Activity:
Repeat the lines below exactly as written, please, from the line with "Christmas Tinsel Garland,4" to the line with "Create privacy, add", both lines included, and no others.
━━━━━ Extracted information ━━━━━
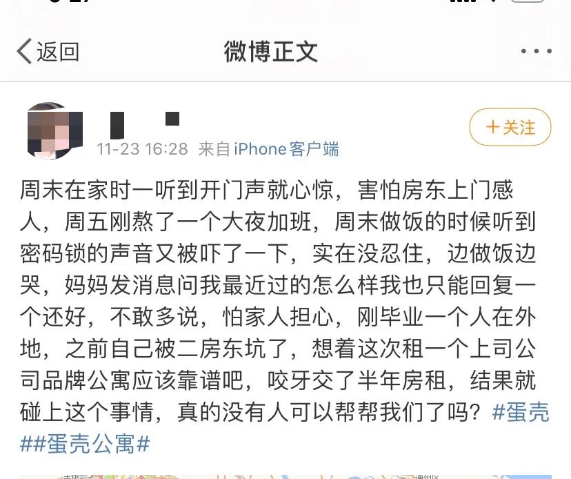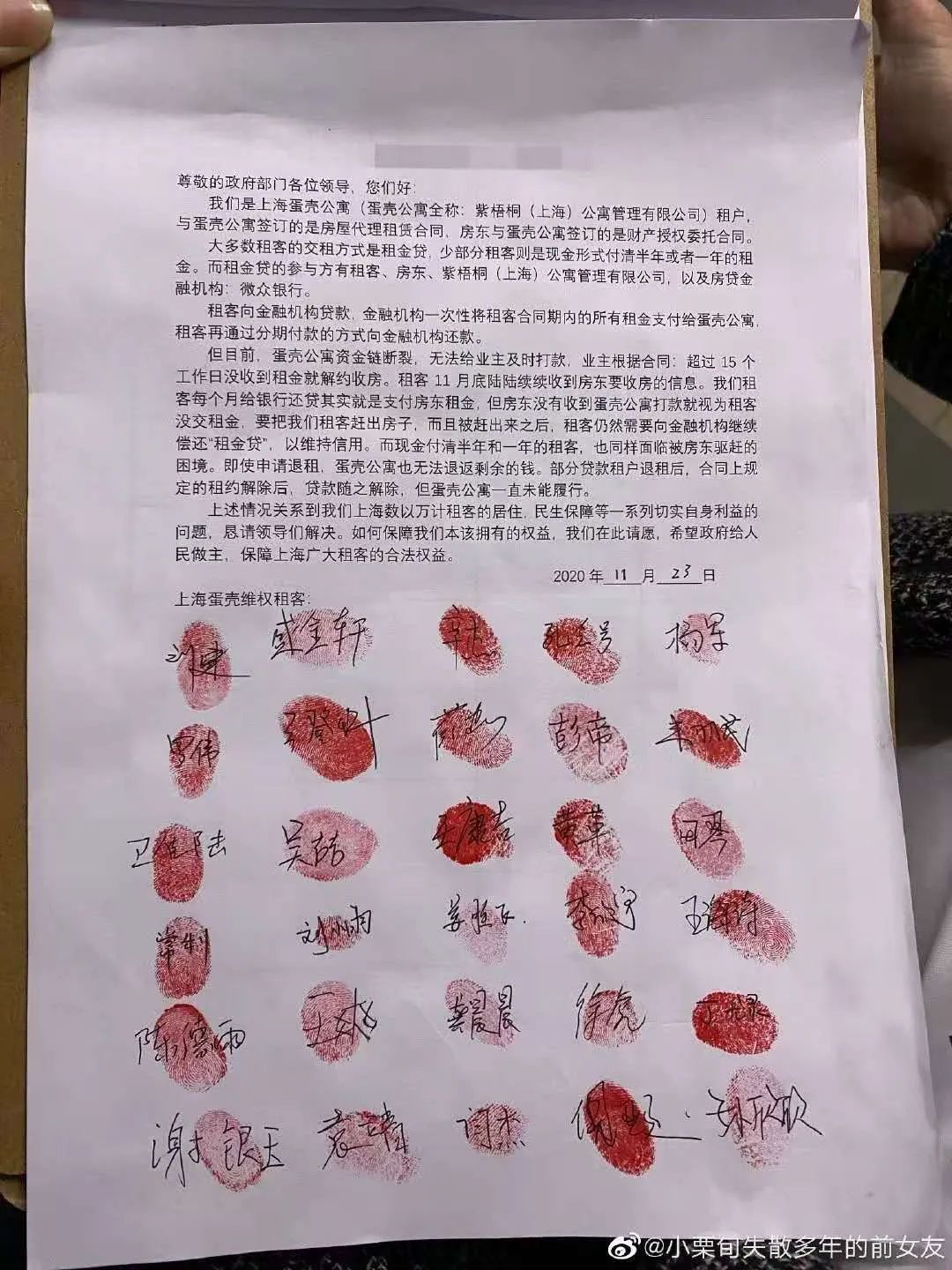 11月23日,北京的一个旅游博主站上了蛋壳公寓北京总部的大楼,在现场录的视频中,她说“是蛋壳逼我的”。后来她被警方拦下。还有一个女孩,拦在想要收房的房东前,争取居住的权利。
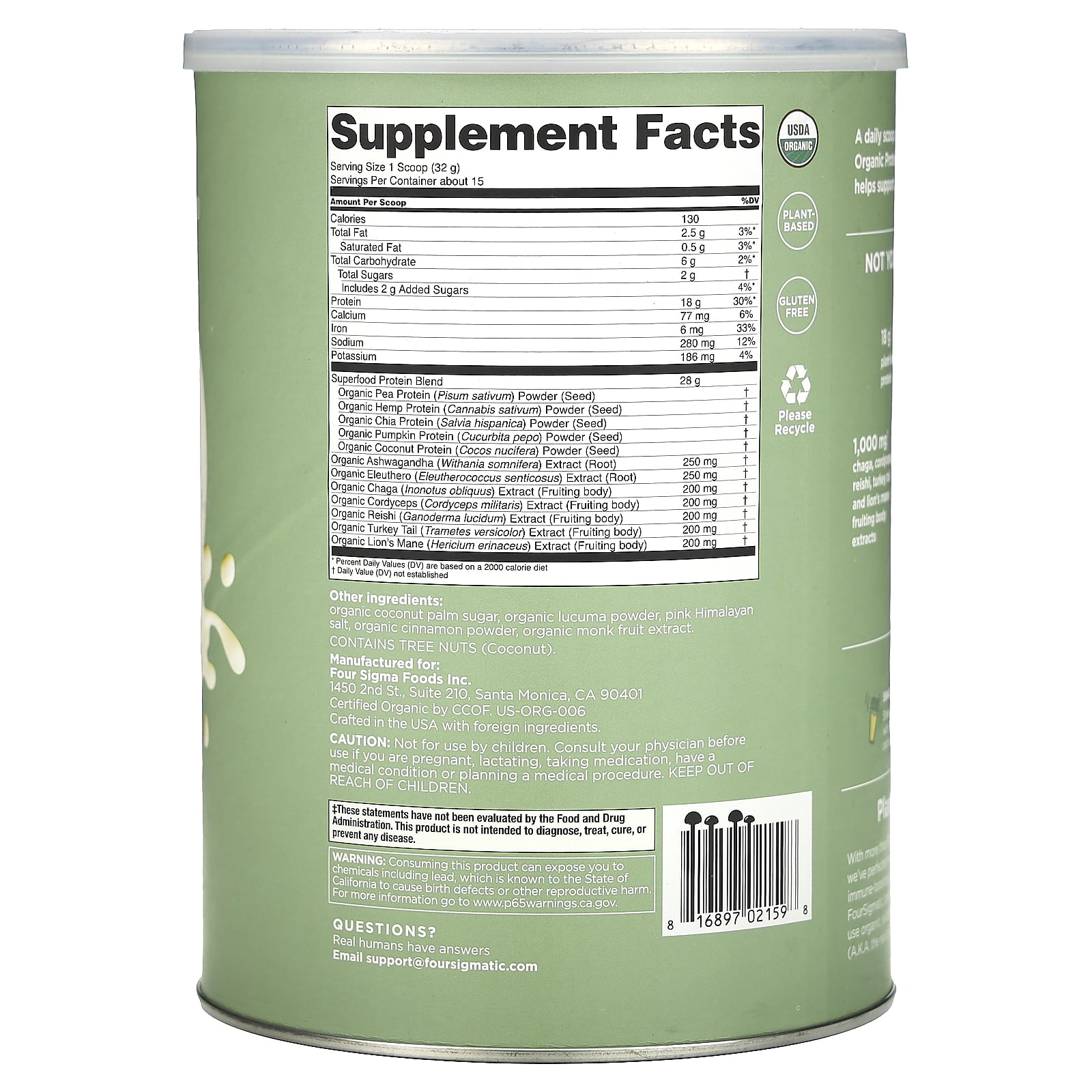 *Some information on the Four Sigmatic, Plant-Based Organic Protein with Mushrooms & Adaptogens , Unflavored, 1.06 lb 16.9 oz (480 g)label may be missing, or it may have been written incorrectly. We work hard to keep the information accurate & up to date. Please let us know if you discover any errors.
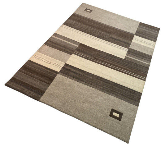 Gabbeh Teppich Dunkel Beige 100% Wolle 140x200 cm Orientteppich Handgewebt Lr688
━━━━━
━━━━━ Extracted information ━━━━━
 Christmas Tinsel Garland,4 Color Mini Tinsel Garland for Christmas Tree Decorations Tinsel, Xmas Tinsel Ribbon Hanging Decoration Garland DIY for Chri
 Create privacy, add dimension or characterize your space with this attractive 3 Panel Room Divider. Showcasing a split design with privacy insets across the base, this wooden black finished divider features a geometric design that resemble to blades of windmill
━━━━━
Output for this exercise:
 Christmas Tinsel Garland,4 Color Mini Tinsel Garland for Christmas Tree Decorations Tinsel, Xmas Tinsel Ribbon Hanging Decoration Garland DIY for Chri
 Create privacy, add dimension or characterize your space with this attractive 3 Panel Room Divider. Showcasing a split design with privacy insets across the base, this wooden black finished divider features a geometric design that resemble to blades of windmill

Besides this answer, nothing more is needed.